If it's all US foreign income then Box 16 should be 15% of Box 15. I'm not sure how Questrade displays dividends. Some brokerages show a separate line for the dividend amount and withholding taxes, while some combine the two. So if the dividends you've received is equal to Box 15 minus Box 16 then the difference is probably due to withholding tax.


----------



## Eclectic12 (Oct 20, 2010)

jrsaballa said:


> Box 15 is more than the dividends I've received.
> 
> Are you sure Box 16 is not foreign taxes paid instead of withholding tax?


The details section (i.e. not the boxes on the page) at CRA's link has some info.
http://www.cra-arc.gc.ca/E/pbg/tf/t5/README.html

CRA says box 15 is Foreign Income where one is to consult the tax guide for line 121 to get more info.
I don't know why it would be more than what one was paid.


Box 16 is foreign taxes paid and is used to calculate one's FTC, where line 405 is to be consulted.


Cheers


----------



## Eclectic12 (Oct 20, 2010)

Woz said:


> ... If it's all US foreign income then Box 16 should be 15% of Box 15 ...


Unless this includes the US partnership that has been referenced in other threads. In that case, I believe the US partnership portion would be something like a 40% tax rate.


Cheers


----------



## Eclectic12 (Oct 20, 2010)

jrsaballa said:


> Question #2
> 
> Am I suppose to input the T5's I've received from Questrade on a T5 form at simpletax.ca or do I enter this info on OTHER FOREIGN INCOME AND FOREIGN TAX CREDITS?


CRA introduced the auto-complete that will load what they have received from the financial institutions into the tax software.
http://www.cra-arc.gc.ca/auto-fill/


As some have discovered ... if one's investments do the calculations late like some ETFs and REITs, the financial institution won't have the T form which means what CRA sends will be incomplete.


Where one is not using autofill, one would identify to the software that a T5 was needed, fill out the common boxes and add the ones that do not have a box of their own. The software should correctly know what the income is and correctly apply for credits, record totals across multiple T5s onto the main T1 return etc.


Cheers


----------



## Eclectic12 (Oct 20, 2010)

jrsaballa said:


> ... the second one is for stock appreciation(price of stock went up when sold).


No ... if any form has the stock proceeds or cost, I believe it will be the T5008.
http://www.cra-arc.gc.ca/tx/bsnss/tpcs/slps/fnncl/t5008/t5008slp/menu-eng.html


If the broker provides an annual trading summary instead of a T5008, then the investor has to use their own bookkeeping or the broker's cost number (sometimes right and sometimes wrong according to posts) to record the capital gain (or loss) on schedule 3, part 3 "Publically traded shares, Mutual Funds ... ".

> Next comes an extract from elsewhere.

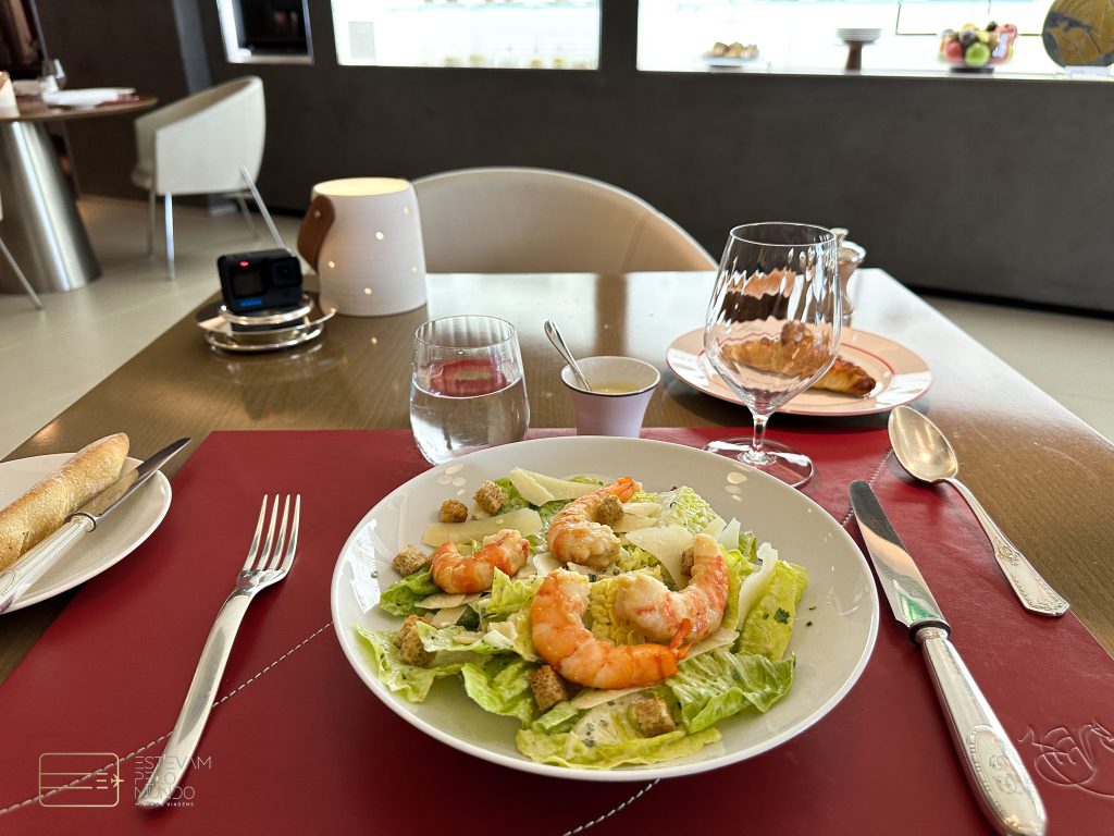 Você escolhe no menu o que quer comer e vem um garçom servir o seu prato. Muito Vip de verdade. Tomei meu café, dormi 4 horas, tomei um banho, fiz uma massagem e almocei. Foi tudo muito gostoso.

I can't confirm as my US stock does not pay dividends, except for one that is held by a US transfer agent (i.e. no T5 will be provided but IRS equivalent is).




jrsaballa said:


> ... Can I ask why the amount in box 15 for both is actually much higher than what is in my account?

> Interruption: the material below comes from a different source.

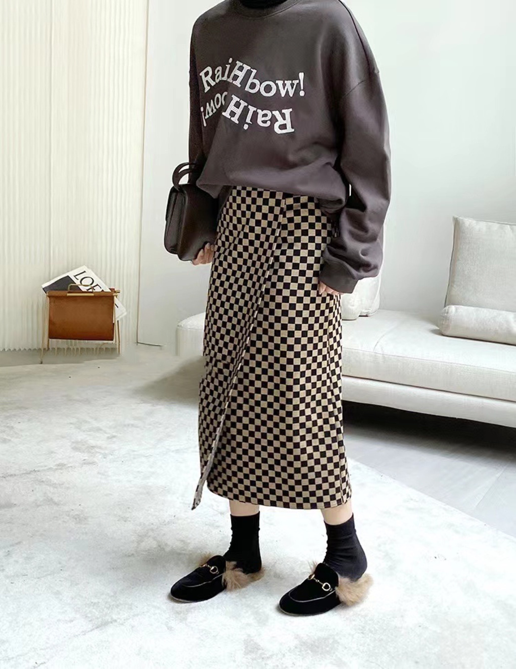 格子长款半身裙子
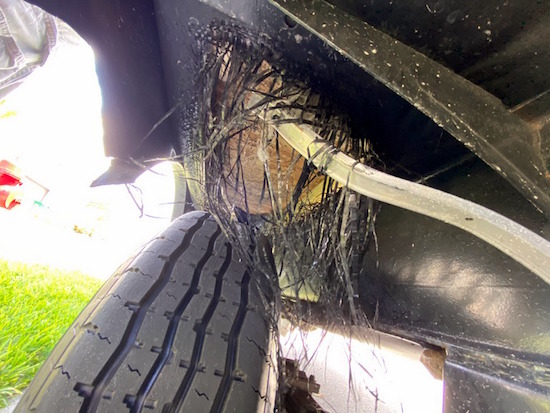 The tire was not a retread, but the cap of the tire tore most of the way free, beat the snot out of the tire well, damaged the trailer skirt, then wrapped itself tightly around the axle.

My guess is that the total for the two box 15's are the total foreign income paid. What is your account is this number minus the US taxes.
Again, I don't have anything in my brokerage account that allows me to confirm this .... maybe someone else who does can comment.


Cheers


----------



## AltaRed (Jun 8, 2009)

jrsaballa said:


> Can I ask why the amount in box 15 for both is actually much higher than what is in my account?


Your reference to Box 15 suggests this is foreign income (from dividends from US companies). It is higher than what you actually received by the amount of Box 16 (foreign taxes paid). What you see on your brokerage statements is the NET income to your account, i.e. you actually were paid dividend X, but had to have taxes Y withheld at source, so what was actually deposited to your account is Z (X less Y).


----------



## razz (Oct 21, 2014)

Woz said:


> Box 15 is your foreign dividends before any withholding tax, so Box 15 minus Box 16 should be the amount of dividends you received.


Also first time filling out my dividends, they are from a USD account. Do I have to convert the amounts in box 15 and 16 into CAD? If so what exchange rate do I use? Or do I just fill the USD amount?


----------



## AltaRed (Jun 8, 2009)

razz said:


> Also first time filling out my dividends, they are from a USD account. Do I have to convert the amounts in box 15 and 16 into CAD? If so what exchange rate do I use? Or do I just fill the USD amount?


Yes, they must be converted into CAD. Use the annualized exchange rate provided by the Bank of Canada and/or often mentioned in tax software as well.


----------